Editorial

Halting the trail of blood

THESE are indeed terrible times. Across the country, non-state actors have been shedding blood at will. From the North-East to the South-West and the South-East, a climate of fear and palpitation pervades the country. Appalled by the ceaseless reign of bandits and terrorists of all hues and the seeming impotence of the Nigerian state in arresting the drift, many concerned citizens in different states of the North trooped into the streets last week, calling for a change in the state of affairs. The protests tagged #NorthIsBleeding were specifically marked by demands for an end to incessant killings, abductions and other crimes in the region.

Indeed, the spokesman of the Coalition of Northern Groups (CNG), the umbrella group behind the protests, Sulaiman Abudulazeez, asked the Federal Government to impose emergency rule on five states. According to him, if President Muhammadu Buhari must succeed, he must improve the number of boots on the ground in the region. This, he said, should be followed by the Federal Government availing itself of available legal windows to impose emergency rule on Niger, Sokoto, Zamfara, Katsina and Kaduna states. Prior to this declaration, the governor of Katsina State, Honourable Aminu Bello Masari, had in fact called for the arming of citizens with weapons to enable them to contain the threats posed by the outlaws. According to him, it was morally wrong for people to submit cheaply to bandits without attempting to defend themselves. On his part, President Buhari held a meeting with the governors of Katsina and Sokoto states over the rising insecurity, with the Katsina governor seeking collaboration among the states in the North-West as a solution to the security challenges.
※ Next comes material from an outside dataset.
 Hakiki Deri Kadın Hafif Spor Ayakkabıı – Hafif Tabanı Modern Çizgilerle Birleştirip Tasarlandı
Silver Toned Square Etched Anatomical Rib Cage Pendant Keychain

To say the very least, the ongoing protests over widespread killings in the North, a largely conservative zone, confirm the fact that the situation has become completely intolerable. Sadly, members of the Department of State Services (DSS) and the police chose to go after aggrieved citizens who were ventilating their frustrations in the belief that their government would listen to them. We believe that this is not the way to go in a democracy. Nigeria is not a police state and there is no reason citizens peacefully protesting against threats to their very existence should be harassed, arrested or detained. Rather than going after critics as usual, what the Federal Government needs to do is to assert the legitimacy of the Nigerian state by stopping the outlaws in their tracks.
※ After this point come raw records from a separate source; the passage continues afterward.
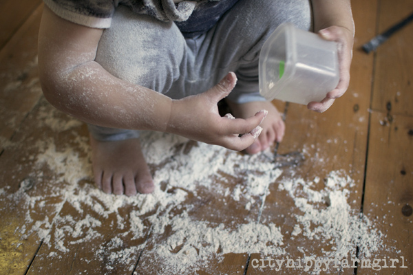 Now I look at the last photo and I am curious about if you gave him flour to stomp in or if the flour spilled and then you just let go. Freedom is about trust, wisdom and fear. Trust that kids will do the right thing and that fate will be kind. Wisdom about how good it is for kids to learn. Fear of all that might go wrong. Honestly though I have such a cautious kid that I find myself encouraging her to do things like climb trees because I loved such stuff when I was a kid. (But no fingers in the electric beaters)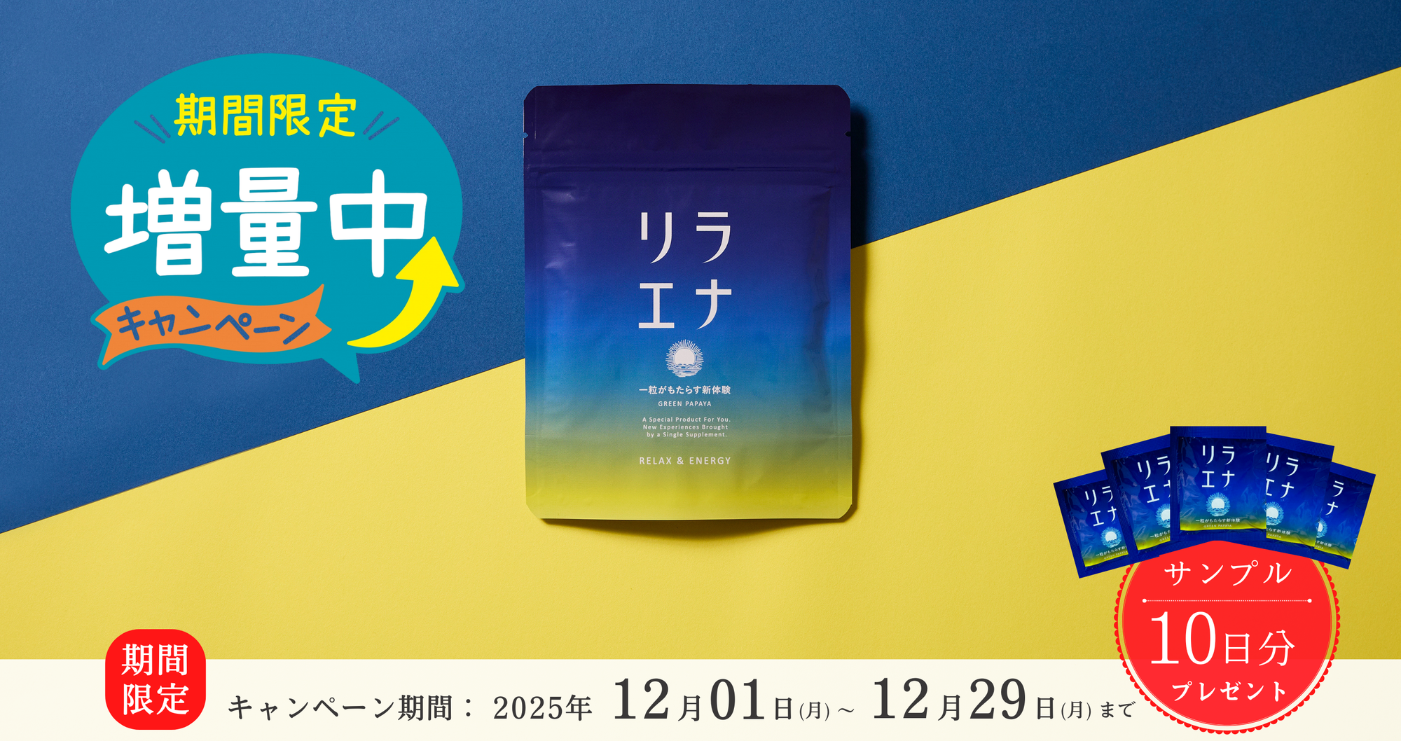 【キャンペーン内容】期間中、リラエナ90粒入り(単品・定期便どちらも対象)をお求めいただきますと10日分増量プレゼント!※定期便につきましては初回のみ増量となります。
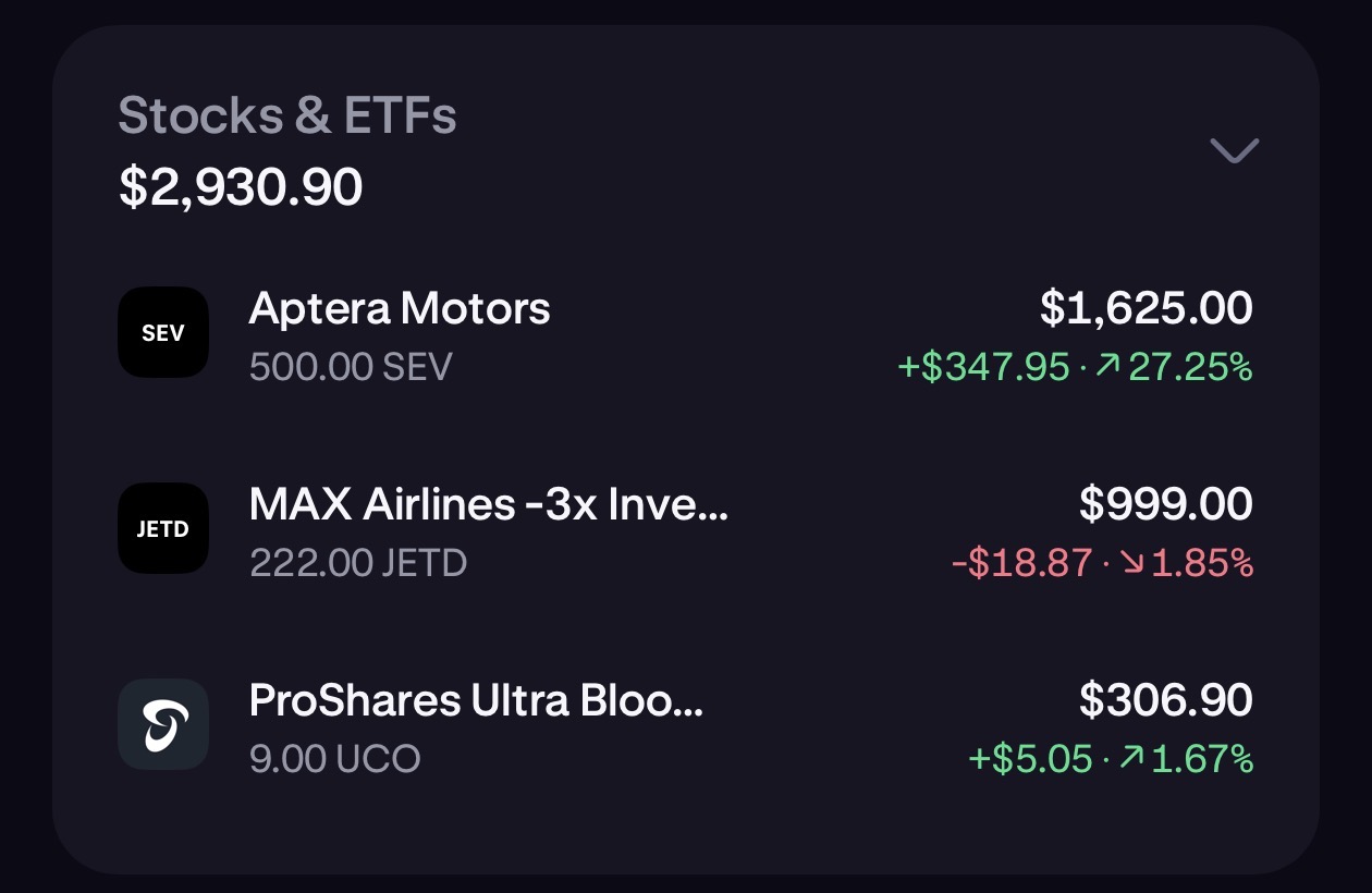 Aptera makes up 50% of my degenfolio, and the other half is a leveraged 3x short on the airlines via JETD and a small 2x oil long via UCD. None of you tards actually went long over the weekend did you. I was mildly concerned these idiots might make peace over the weekend, but of course they’re too stupid for that, so looks like Monday will print again.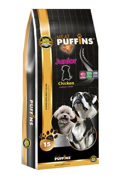 Kompletní premiové krmivo s masovými polštářky pro štěňata středních a malých plemen. SLOŽENÍ:Kuře 38% (dehydrované kuřecí maso, čerstvé maso, drůbeží moučka), pšenice, rýže, jemně mletá kukuřice, sušené cukrovkové řízky, drůbeží tuk, rybí moučka, sušené kvasnice, sušené jablečné výlisky, jehněčí moučka, bramborové vločky, pšeničné klíčky, vejce, lososový olej, slunečnicový olej, jogurt, sušená rajčata, yucca, hydrogenfosforečnan vápenatý monohydrát, uhličitan vápenatý, chondroitin, glukosamin.

It is disturbing that the Presidency needs any prodding before bringing to justice, the so-called bandits who have made life a nightmare across the states of the North and in the South. Defying the Nigerian state, these outlaws seize buses on the roads and set the occupants and the buses ablaze. Any of the hapless passengers who tries to escape from the melee is either gunned down or mutilated with a machete. Till today, millions of people remain displaced from their ancestral homesteads, having been uprooted from them by terrorists, and it is nothing short of an outrage that having secured a court order mandating it to do so, the Federal Government is yet to formally declare the so-called bandits who have brought down military aircraft, sacked villages and schools and sent untold numbers of people to their untimely graves as terrorists. What that suggests is that the government is complicit in the endless trail of blood in the land.

To be sure, the tide of bloodshed is a national affair. In the South-East, for instance, the atrocities attributed to members of the Eastern Security Network (ESN) euphemistically dubbed Unknown Gunmen (UGM) are horrendous. Beheading and mutilation of people is routine, as is arson and brigandage. Working with the state governors and re-jigging the security architecture that has enabled these horrors, President Buhari and his men must stop the tide of bloodshed. They must shelve their centralist predilection and embrace state policing. They cannot hope to achieve anything concrete when the loss of human life is as routine as breathing. Barring the civil war, at no time has the country ever witnessed the kind of bloodshed experienced these days.